Chairman heralds successful year of transition as JD expects to hit record sales

Andy Higginson

JD Sports chairman Andy Higginson has highlighted governance improvements and a simplification of the business as the key factors driving the growth and profitability of the Bury-headquartered retail giant.

In a statement accompanying unaudited preliminary results for the year ending January 2023, Higginson acknowledged the focus Régis Schulz has brought to the business and the disposal of non-core brands. 

The business recorded record sales of £991.4 million (52 week period ended 29 January 2022: £947.2 million), a record result, with profit before tax of £440.9 million (2022: £654.7 million).

Chief executive Régis Schulz has also reduced his direct reports in the business from a peak of 30 when he arrived last year.

In other governance changes, Deloitte are to replace KPMG as auditors.

Higginson has also beefed up the JD board and will welcome Angela Luger (nee Spindler), formerly CEO of N Brown Group Plc and Darren Shapland, currently Chair of Topps Tiles Plc to the board as of 1 June 2023. 

Ian Dyson, currently Chair of Currys Plc joined the board on 9 March 2023.

Boston Consulting Group have been retained to improve cyber security following a cyber breach in January. 

The company has avoided a sanction by the Information Commissioners Office, although they have highlighted several areas where they believe JD needs to demonstrate improvement. 

In addition, JD has now appointed an interim Chief Information Security Officer with the recruitment of both a permanent CISO and a Chief Information Technology Officer ongoing.

The business also took a wrap on the knuckles from the Advertising Standards Authority over an Instagram post last year featuring YouTube star KSI, where he failed to identify the post as a paid for promotion.

Higginson said: “In July 2022 I had the great privilege of being appointed the Chair of the JD Group.

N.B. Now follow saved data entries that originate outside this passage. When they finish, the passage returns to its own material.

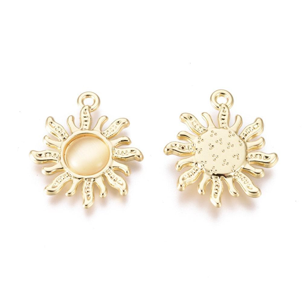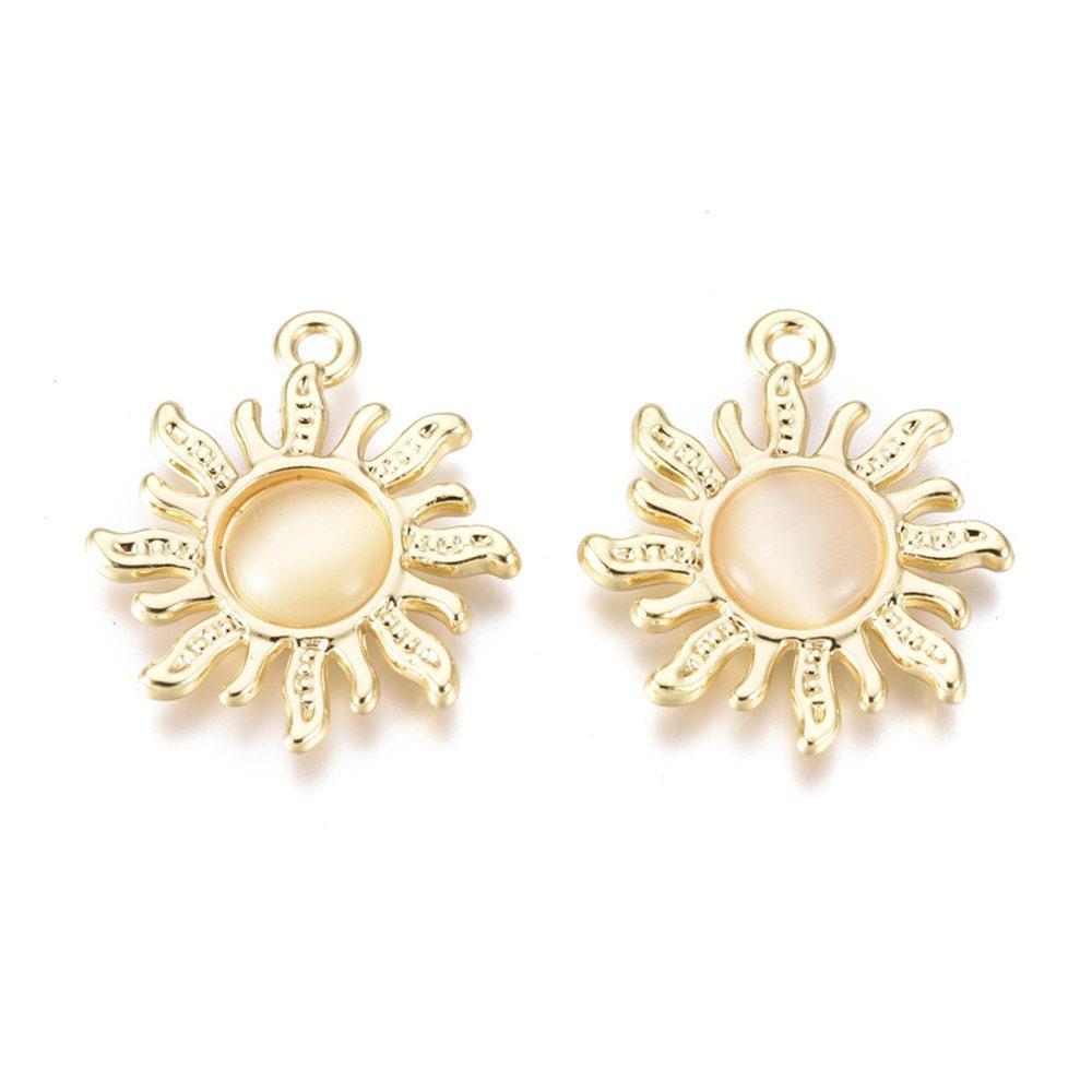 Add a luminous and symbolic touch to your creations with these magnificent sun pendants in gold-plated zamac , adorned with a cat's eye glass cabochon with golden reflections.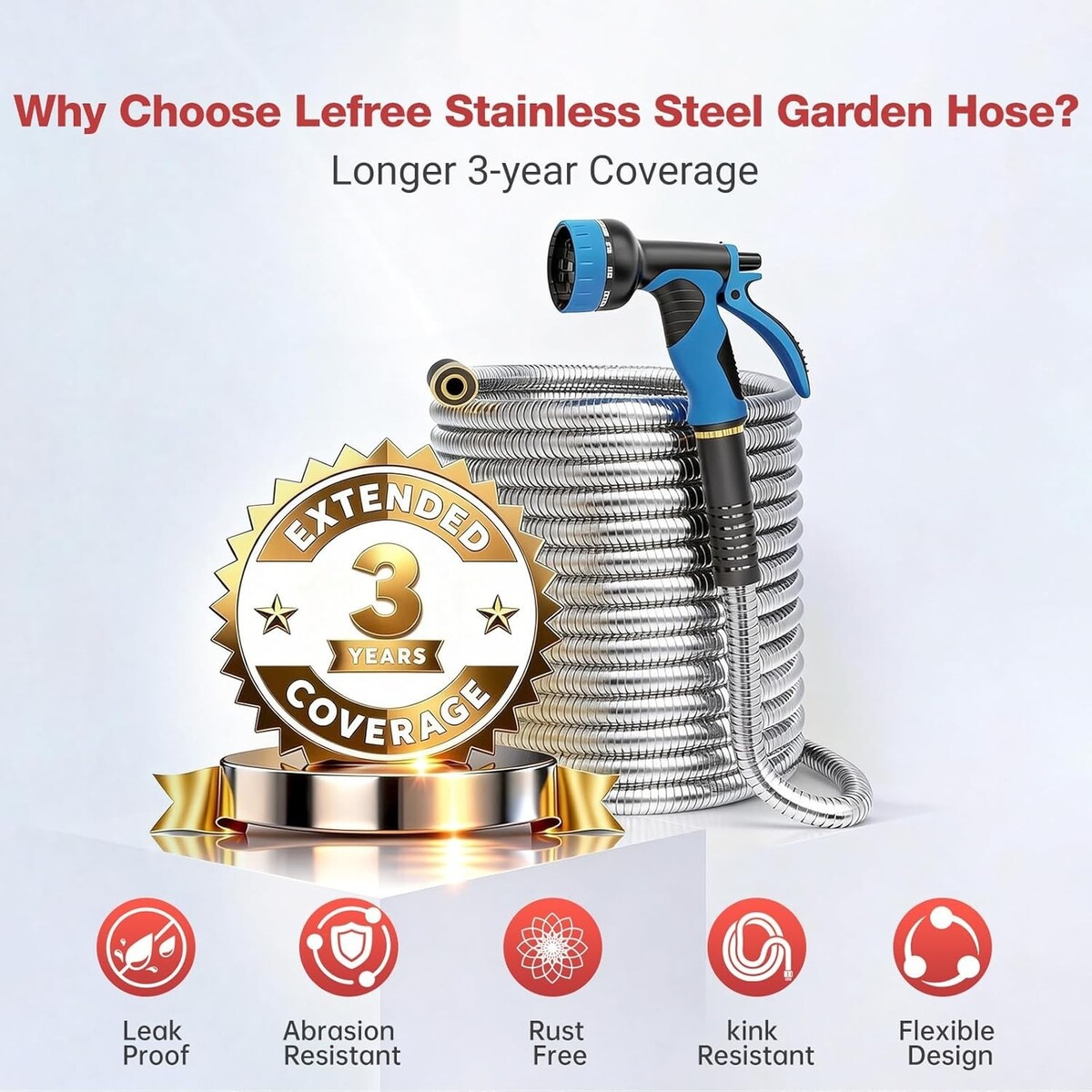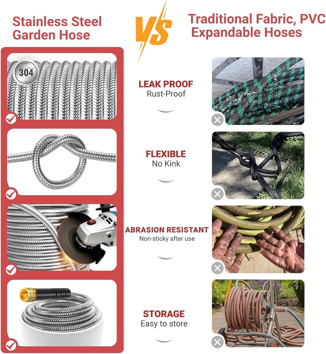 Heavy-Duty 304 Stainless Steel, Kink-Free Leak-Proof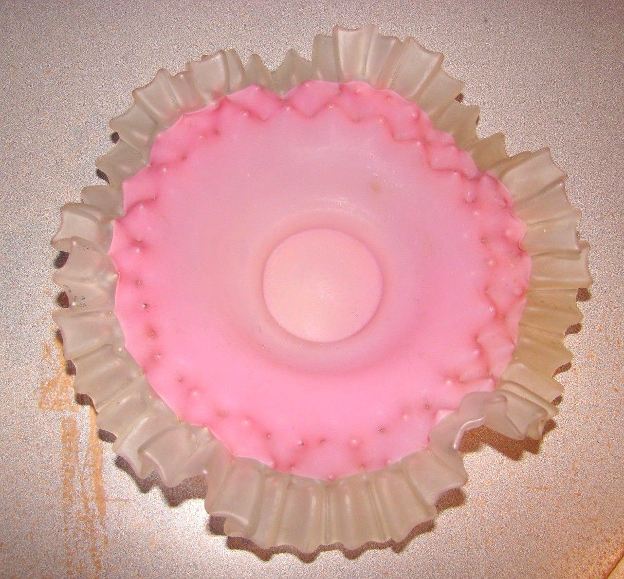 Title (ebay affiliate link): Victorian Pink Satin Glass w/ Clear Frosted Ribbon Edge Brides Bowl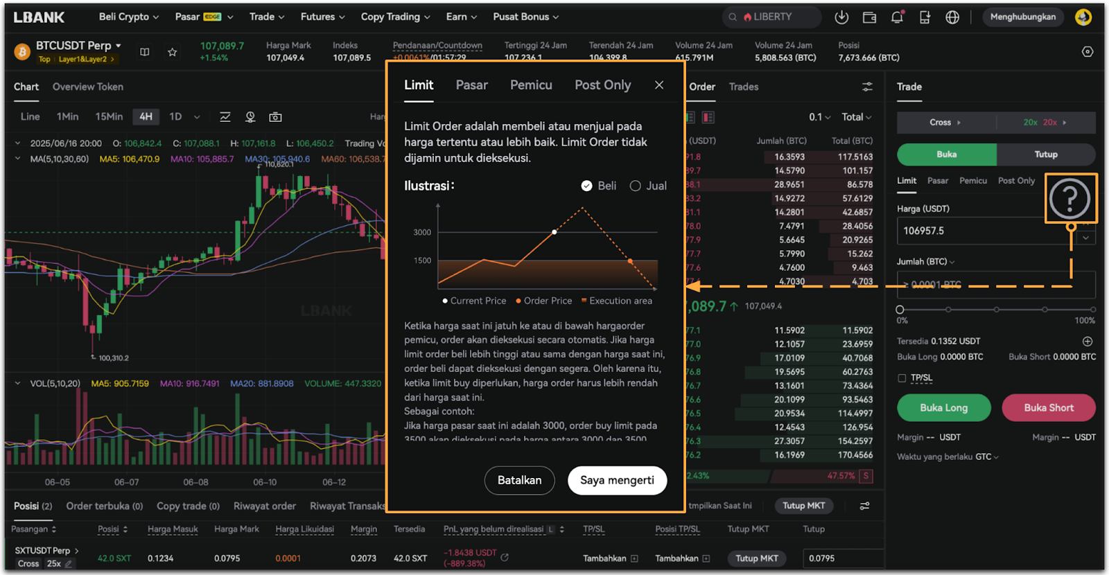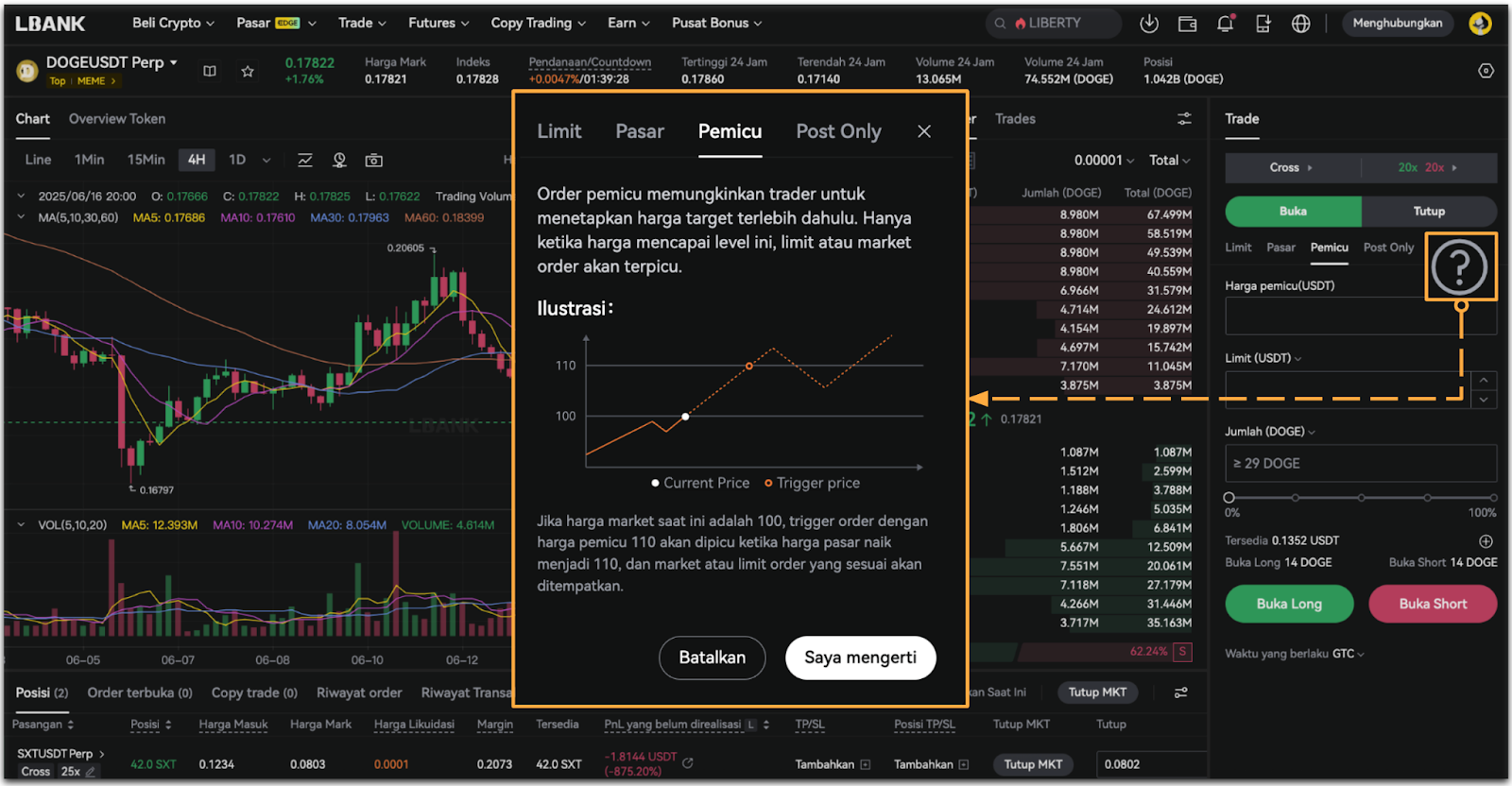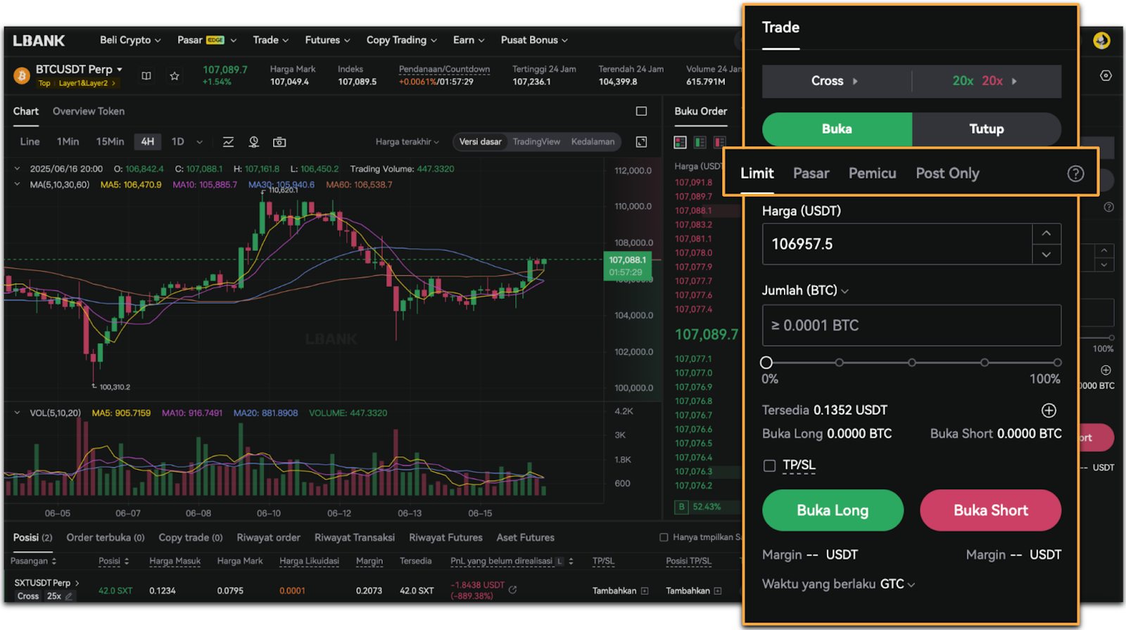 LBank Futures menawarkan empat jenis order: Order Pasar, Order Limit, Order Pemicu, dan Post Only.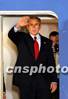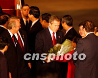 ![]() 10月18日,美國(guó)總統(tǒng)布什抵達(dá)上海浦東國(guó)際機(jī)場(chǎng),前來(lái)參加亞太經(jīng)合組織領(lǐng)導(dǎo)人非正式會(huì)議。這是美國(guó)總統(tǒng)布什下飛機(jī)后接受獻(xiàn)花。中新社圖 ![]() 美國(guó)總統(tǒng)布什乘坐空軍一號(hào)專機(jī)十八日晚飛抵上海浦東國(guó)際機(jī)場(chǎng),與向他獻(xiàn)花的上海小故娘合影留念。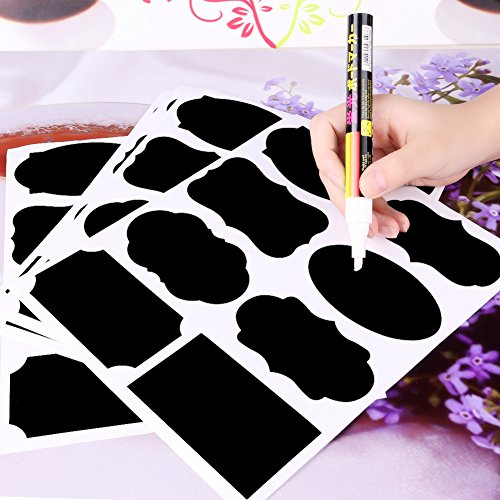 40 Chalkboard Labels with Free Liquid Chalk Marker-for Your Home Office Kitchen Stickers Dishwasher Freezer Safe Kids Rewritable

This followed the departure of Peter Cowgill who had led the business so successfully for the previous 18 years. I found  a business that had a strong leadership team, committed staff and a supportive majority shareholder in Pentland. The business was in tune with its customers, respected by its branded suppliers, was trading strongly and had a significant number of opportunities for growth ahead of it. Before going any further, it is important to thank Peter and his team for developing such a great business.”

However he claimed “a significant governance deficit” in a listed business of JD’s size. 

“In many ways, the business, which is highly profitable and with significant net cash, was well controlled and conservatively managed. However, it relied too heavily on a few key individuals and on informal controls which were more appropriate for a smaller business. The sort of formal Board oversight and detailed scrutiny that would be normal in a business of this scale were not always present.”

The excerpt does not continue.